Figure 12 shows temperature profiles for the night of July 20–21. Measurements from TIMED/SABER sounding (blue profile) on that night at 02:14 UT (at a distance of ∼500 km from EACF); the sounding of AURA/MLS (red) at 04:38 UT (about 300 km from station); MERRA-2 (orange) and ERA-5 (green) temperature profiles for 04:00 UT. In addition, Figure 12 shows (right panel) three individual temperature profiles from ERA-5 at 00:00, 06:00, 10:00 UT showing small variability of the temperature profiles along a time interval of 10 h.
Quantitative results obtained from the reverse ray tracing applied to the waves listed in Table 1 are summarized in Table 2, and the waves were enumerated by following their observation time. The ray tracing results indicated that only two waves were generated at the troposphere (below 10 km), one event at the stratosphere (between 10 and 60 km), and the other 6 events were likely generated in the mesosphere (above 60 km). Most waves propagated from close locations (considering a horizontal straight line) of the Ferraz station. Results provided by the wind shifted from the original wind profiles showed to be quite similar to the standard one for most cases.
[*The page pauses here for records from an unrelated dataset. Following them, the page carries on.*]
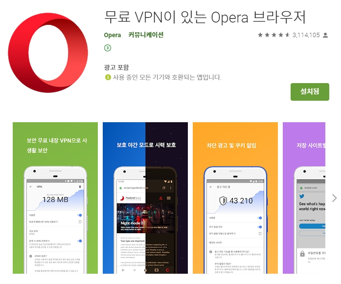 무료 VPN이 있는 Opera 브라우저 - Google Play 앱
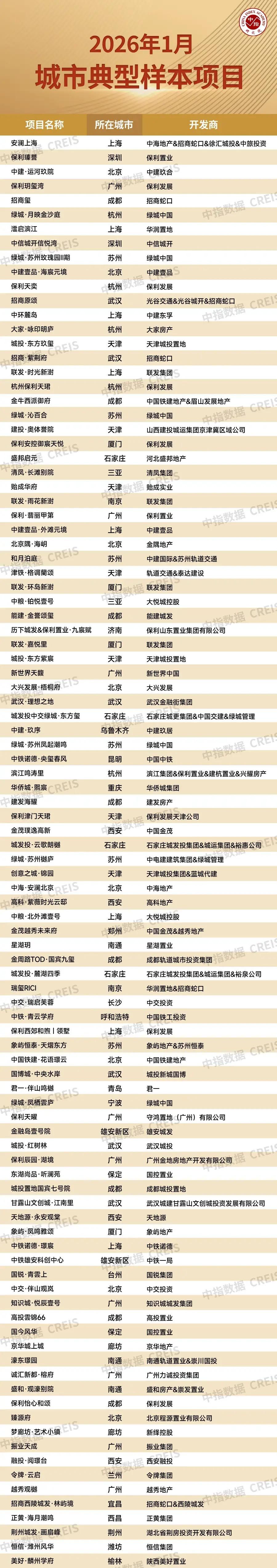 市场进入以“稳定预期、缩短调整时间”为目标的新阶段 政策方面,1月1日,《求是》杂志刊发《改善和稳定房地产市场预期》特约评论员文章,强调“加强预期管理对稳定房地产市场具有特殊重要性”,并提出要“尽可能缩短调整时间,熨平市场波动”,“政策要一次性给足,不能采取添油战术”。14日,财政部、税务总局、住建部发布公告,将换房退个税政策适用期延长至2027年末。15日,央行下调结构性货币政策工具利率,并将商业用房最低首付比例降至30%。20日,自然资源部、住建部联合印发《进一步支持城市更新行动若干措施的通知》,围绕增强详细规划适应性、优化过渡期支持政策、推进存量土地和空间的临时利用、鼓励资源资产组合供应整体运营、创新不动产登记服务及妥善处置历史遗留问题等六方面进一步支持城市更新措施落地。同时,市场消息证实,本月监管部门对房地产融资协调机制下发了最新的政策指导,对已进入融资协调机制“白名单”的项目,符合一定条件和标准的,可在原贷款银行进行展期,即相关贷款可展期5年。此外,近期据媒体报道,多家房企已不再被要求每月向监管部门上报“三道红线”指标,仅部分出险房企需定期汇报资产负债率等核心财务数据。 地方层面,北京采取正负面清单方式明确各类用地允许、禁止兼容内容和比例要求;上海支持商务楼宇更新,允许存量商务楼宇兼容租赁住房(含人才公寓)、酒店、文娱、医疗健康等功能;武汉、沈阳、厦门等地优化公积金贷款政策;南京、银川等发放购房补贴。另外,1月四川、浙江发行约105亿元专项债券收回收购闲置存量土地。 整体来看,进入2026年,政策层面释放出清晰的“稳预期”信号,年初已有多项具体措施落地,包括换房退税政策延长、白名单项目贷款展期及结构性降息、支持城市更新等,旨在从需求端与融资端协同发力,提振市场信心。整体来看,房地产政策已进入以“稳定预期、缩短调整时间”为目标的新阶段。市场方面,2月份受春节假期影响,楼市销售节奏或将阶段性放缓。但展望后市,随着核心城市2025年出让的优质地块逐渐入市,加之部分房企预计在春节前加大促销力度提前蓄客,3月市场需求有望逐步释放,核心城市“小阳春”行情依然值得期待。 城市典型样本项目 近期,住建部发布《关于提升住房品质的意见》,明确面向2030年的住房品质发展目标与重点任务,提出要加大安全、舒适、绿色、智慧的“好房子”供给力度,为构建房地产发展新模式筑牢坚实支撑。在此背景下,中指研究院在中房指数系统理论体系和架构的基础上,从百城价格指数样本项目中选取城市中有较强知名度和广泛影响力的项目,以“典型性”为基本原则,从销售表现、项目品质、品牌实力等维度出发,对主要城市样本项目进行研究,得出“2026年1月城市典型样本项目”,为行业提供标杆典范。
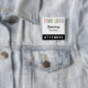 Easily personalize our square attendee name badge with your event logo, attendee name, or other custom text. It attaches with a safety pin back. Designed in black and other colours (all colours are customizable). Our square buttons are 2 inch x 2 inch. Made in USA. No minimum order quantity and no setup fee.

Results for the ray tracing paths of the gravity waves # 2 to # 5 shows that these waves were potentially generated in the upper mesosphere (near the OH airglow layer), i.e., between 80 and 90 km height, and it was noted that the model stopped just after a few iterations. The error analysis showed that the distance in which the waves # 2 and # 3 propagated above 80 were longer for a smaller deviated wind than when the standard wind was used.
Waves # 1 and # 7 had a similar propagation direction inside the blocking region, were generated in the lower mesosphere (∼60 to 70 km). These cases were potentially generated due to a wind shear near the stratopause, that propagated vertically and horizontally a few kilometers and reached the OH airglow layer. In addition, these results confirm the initial hypothesis that they were generated above the blocking region. These two cases also could be originated by the effect of a primary wave breaking at some critical level around 60 km, which generated a secondary wave that propagates up to the observed airglow layer. Trinh et al. 2018 [49] demonstrated the Antarctic Peninsula as a hot-spot of secondary wave generation after wave breaking (from 30 to 90 km), using satellite data in the austral winters of 2010–2013. Other studies, like the ones conducted by Vadas et al. 2013, 2014 [50,51] have used modeling to investigate the propagation of secondary waves generated after wave breaking. Ray paths resulted from the shifted wind profile showed very similar results comparing to the standard winds, allowing the waves to propagate to a similar altitude and also to a close region of the station for all paths.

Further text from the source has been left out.